Minister Liburd identifies two issues for future constitutional reform

BASSETERRE, ST. KITTS, JUNE 17TH 2013 (CUOPM) – The relationship between the island of Nevis and the island of St. Kitts and citizenship are two issues that need to be addressed in any future constitutional reform.

That’s according to the Hon. Marcella Liburd, St. Kitts and Nevis’ Minister of Health, Community and Social Development and Culture.

“The relationship with Nevis because I think that is really something that needs to be strengthened and straightened between St. Kitts and Nevis. We (The Labour Party) strongly believes that we should be one country,” said Minister Liburd, a career lawyer and a former Speaker in the St. Kitts and Nevis National Assembly.

“Perhaps we need to look at the relationship between St. Kitts and Nevis in a different context and a different light. So that is one of the serious things that we should try to consider with respects to St. Kitts and Nevis,” she said during a WINNFM.

Ms. Liburd said any constitutional reform also needs to deal with the section that deals with citizenship.

She admitted that changing the constitution is not an easy thing to do.

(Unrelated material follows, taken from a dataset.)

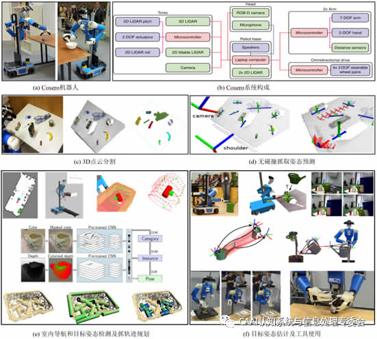 Cosero[1]是德國波恩大學的Sven Behnke團隊根據(jù)家庭環(huán)境中的日常操作任務而研制的一款仿人操作機器人(如圖1(a)(b))。機器人底部配備了四輪獨立轉向行走機構,以便在靈活的通過狹窄通道,上部配備了兩個7自由度機械臂已完成擬人的操作,并在夾持器末端裝有紅外測距傳感器已達到對抓取目標的距離探測,在D端安裝有Kinect相機,以實現(xiàn)對目標環(huán)境的3D感知。Cosero通過底盤的激光雷達進行導航和定位,采用法線估計和場景分割相結合的方法對目標進行3D點云分割,采用無碰撞抓取方法[1]對目標物體進行抓取(如圖1(c)(d))。在論文[2]中,作者運用Cosero進行零件分揀搬運實驗,通過2D激光雷達導航到作業(yè)點,通過RGB-D相機對目標進行識別分割,規(guī)劃抓取路徑和抓取姿態(tài)估計(如圖1(e))。在論文[3]中,作者采用深度學習方法對目標進行姿態(tài)估計,并完成了提壺灌溉,人機交互和使用工具等復雜任務(如圖1(f))。Schwarz[4]介紹了Cosero基于深度學習方法的目標姿態(tài)估計和RGB-D SLAM等感知測量。
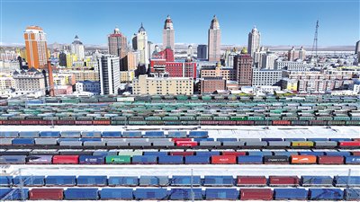 2月26日,中欧班列在中国铁路哈尔滨局集团有限公司满洲里站等待出境发车(无人机照片)。截至2月26日,2026年以来经中欧班列东通道进出境的中欧班列总数达1034列,运输货物105170标箱,较2025年提前26天突破1000列大关。中欧班列东通道由满洲里、绥芬河、同江铁路口岸组成,目前有27条班列通行线路,覆盖波兰、德国、荷兰等14个国家,联通国内长沙、郑州、成都等60余个城市。

“We have tried on more than one occasion to have constitutional change, since this Labour Party has been here. We have had opposition from the People’s Action Movement, who at one point refused to put anybody on a Constitutional Reform Committee in order to change these laws. They refused,” she said pointing out a fact that Sam Condor was the Chairman of that particular committee.

“We were also getting some opposition from Nevis to some extent because remember we are in a very peculiar situation with the St. Kitts and Nevis Constitution,” said Ms. Liburd, who pointed out that there is no other constitution in the world that is set up the way the St. Kitts and Nevis Constitution is.

“So it was not an easy thing to do and it still remains as not being an easy thing to do because you have all these dynamics that you have to play around with. At the time PAM said that they are not putting up anybody on the constitutional committee, because they would not be considering any constitutional change unless electoral reform is in it,” she pointed out.

“That was the reason they (PAM) gave us and then when electoral reform came, they didn’t put anybody on that committee either because of some other reason. So it is a political game,” said Ms. Liburd.

She said it was not because of want of trying to get constitutional changes “because we have set up committees since this government has been in power to try to come about with constitutional changes.”